Exercise prompt: Take the data below and copy exactly the lines starting at the one with "Женские летние свободные" and finishing at the one with "El diseño del", both included.

Data records:
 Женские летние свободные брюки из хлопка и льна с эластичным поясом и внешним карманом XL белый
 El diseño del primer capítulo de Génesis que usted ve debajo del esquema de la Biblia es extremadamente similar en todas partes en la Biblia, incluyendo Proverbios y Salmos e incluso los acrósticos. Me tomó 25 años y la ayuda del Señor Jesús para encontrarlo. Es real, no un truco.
* * *
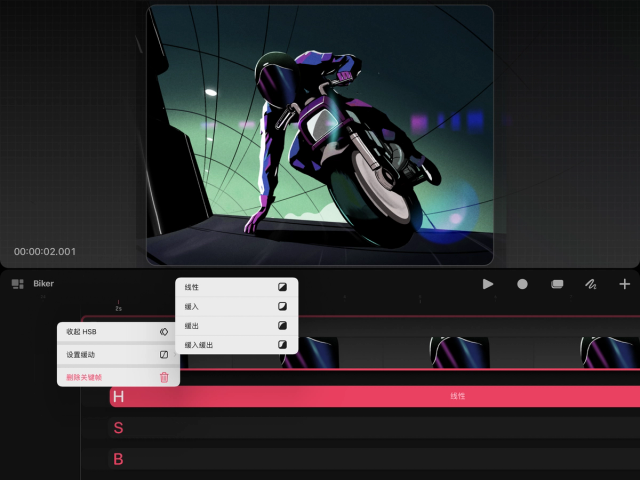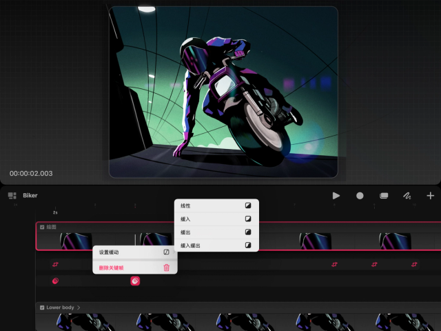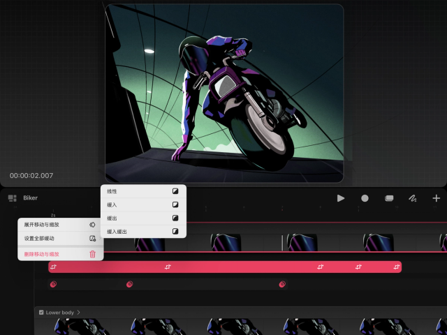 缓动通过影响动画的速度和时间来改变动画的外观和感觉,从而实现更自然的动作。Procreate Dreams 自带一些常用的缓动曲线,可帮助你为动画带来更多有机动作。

Exercise response:
 Женские летние свободные брюки из хлопка и льна с эластичным поясом и внешним карманом XL белый
 El diseño del primer capítulo de Génesis que usted ve debajo del esquema de la Biblia es extremadamente similar en todas partes en la Biblia, incluyendo Proverbios y Salmos e incluso los acrósticos. Me tomó 25 años y la ayuda del Señor Jesús para encontrarlo. Es real, no un truco.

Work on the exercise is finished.